The committee is sensitive to rotating the opening-round game between the 64th and 65th seeds among conferences, said Greg Shaheen, NCAA senior vice president for basketball and business strategies. The committee has been criticized for placing the champion of a historically black conference in the opening-round game for five straight years.

The opening-round game is an opportunity for exposure as one of the nine nationally televised NCAA tournament games and should be spread among the conferences, Shaheen said.

Logistics

The committee meets in private in a secured wing of a downtown Indianapolis hotel. Confidentiality allows members to speak openly and vote without outside pressures, Shaheen said.
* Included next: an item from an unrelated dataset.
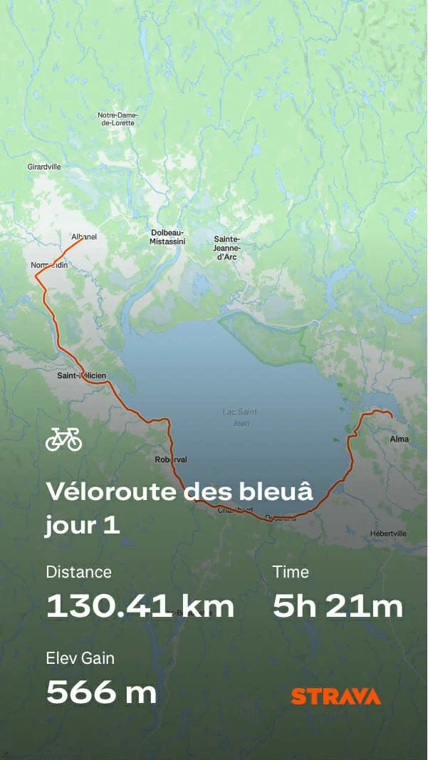 Jour 1: Camping Centre de Villégiature Dam en Terre à Alma jusqu’au camping municipal d’Albanel - 130km, +566m

Athletics directors or conference commissioners whose teams are being discussed must leave the room during discussion of those specific teams.

The NIT selection committee meets in a nearby hotel, but its computers are linked to the NCAA’s. Once the NCAA committee makes its selections, the NIT computers automatically omit those teams from consideration.

This year the committee will begin its formal selection meeting Wednesday, March 7, a day earlier, and will finish with little time to spare before the “Selection Sunday” show airs at 3 p.m. PST March 11 on CBS. What the selection committee will take five days to do, the USBWA contingent spent 12 hours and 15 minutes trying to imitate.

But the committee has spent all season working on the bracket to an extent. Each committee member is assigned specific conferences to monitor and speak on behalf of during deliberations.

On Selection Sunday, the committee sometimes has less than an hour to complete the bracket, Shaheen said. Conference tournaments ending that day, such as the Big Ten’s, create a state of flux.

Tom Jernstedt, NCAA executive vice president, recalled the committee selecting the 1973 field in a six-hour teleconference. The committee had six members then. That number increased to nine members in 1980 and to 10 in 1998.

The tournament field has grown significantly since the 1970s. In 1975, the field grew to 32 teams from as many as 25. Forty teams advanced in 1979, 48 in 1982, 52 in 1983, 53 in 1984, 64 in 1985 and 65 in 2001.

When the selection is done, the committee’s work is not. Members are assigned to oversee various regional sites. All attend the Final Four. And then a month or so later, they meet to assess their work.